Required work >>
In the material below, find the line containing "Le prix médian" and the line containing "Белый тон фасадов". Output those two lines and all lines between them exactly, without pictures.
--- Dataset excerpts ---
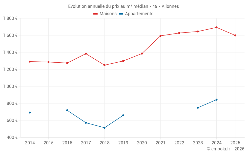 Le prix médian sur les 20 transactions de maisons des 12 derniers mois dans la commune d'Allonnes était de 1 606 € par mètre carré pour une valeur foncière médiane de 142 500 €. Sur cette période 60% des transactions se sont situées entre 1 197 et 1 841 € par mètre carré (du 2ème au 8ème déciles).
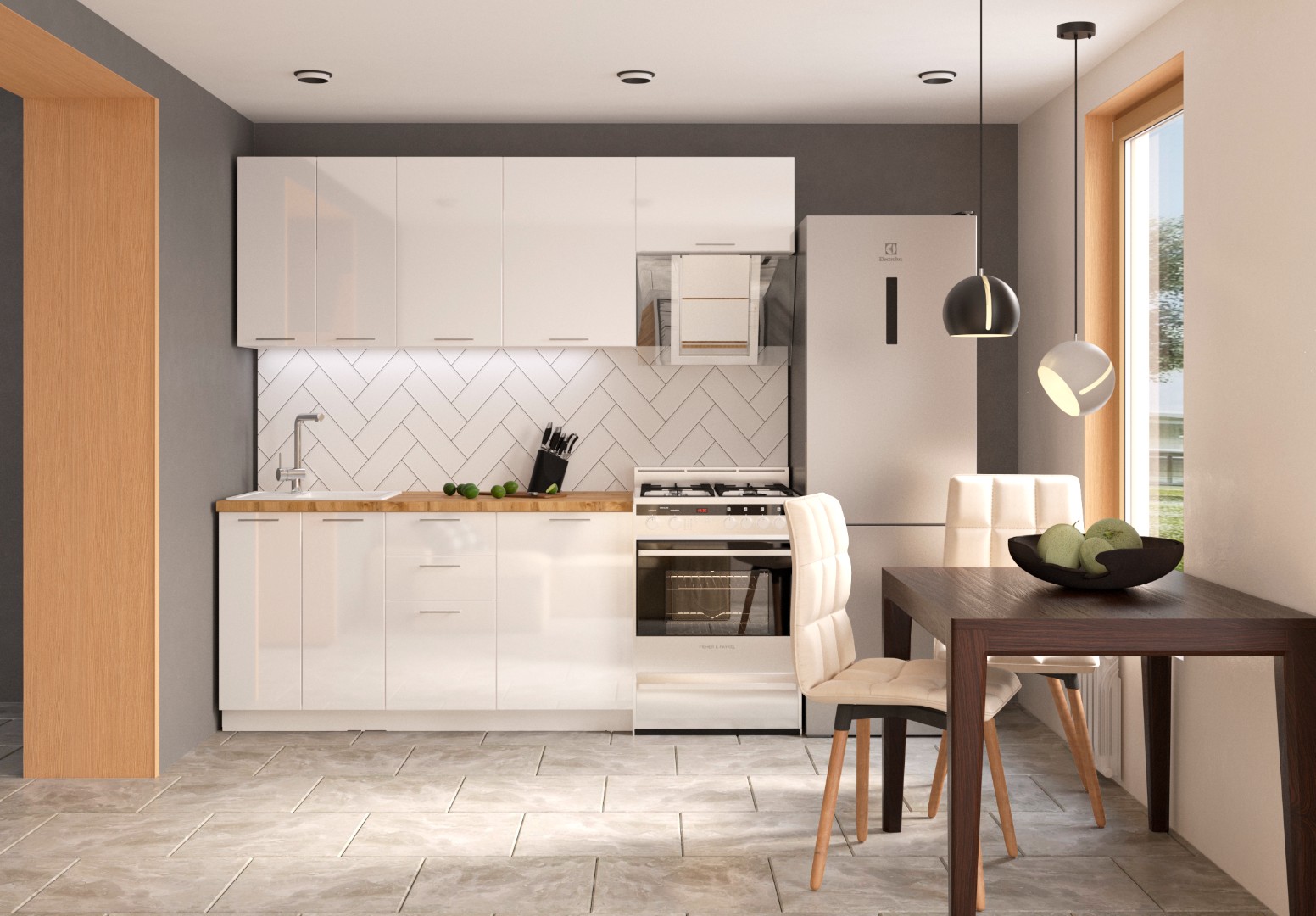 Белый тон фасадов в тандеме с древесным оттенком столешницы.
---
--- Dataset excerpts ---
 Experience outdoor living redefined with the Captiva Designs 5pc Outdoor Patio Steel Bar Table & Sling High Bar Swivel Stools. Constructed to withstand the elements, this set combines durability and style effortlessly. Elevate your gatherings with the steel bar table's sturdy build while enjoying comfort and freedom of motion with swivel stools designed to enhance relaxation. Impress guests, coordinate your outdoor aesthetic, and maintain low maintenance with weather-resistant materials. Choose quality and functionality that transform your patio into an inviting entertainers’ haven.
---
Answer below >>
 Le prix médian sur les 20 transactions de maisons des 12 derniers mois dans la commune d'Allonnes était de 1 606 € par mètre carré pour une valeur foncière médiane de 142 500 €. Sur cette période 60% des transactions se sont situées entre 1 197 et 1 841 € par mètre carré (du 2ème au 8ème déciles).
 Белый тон фасадов в тандеме с древесным оттенком столешницы.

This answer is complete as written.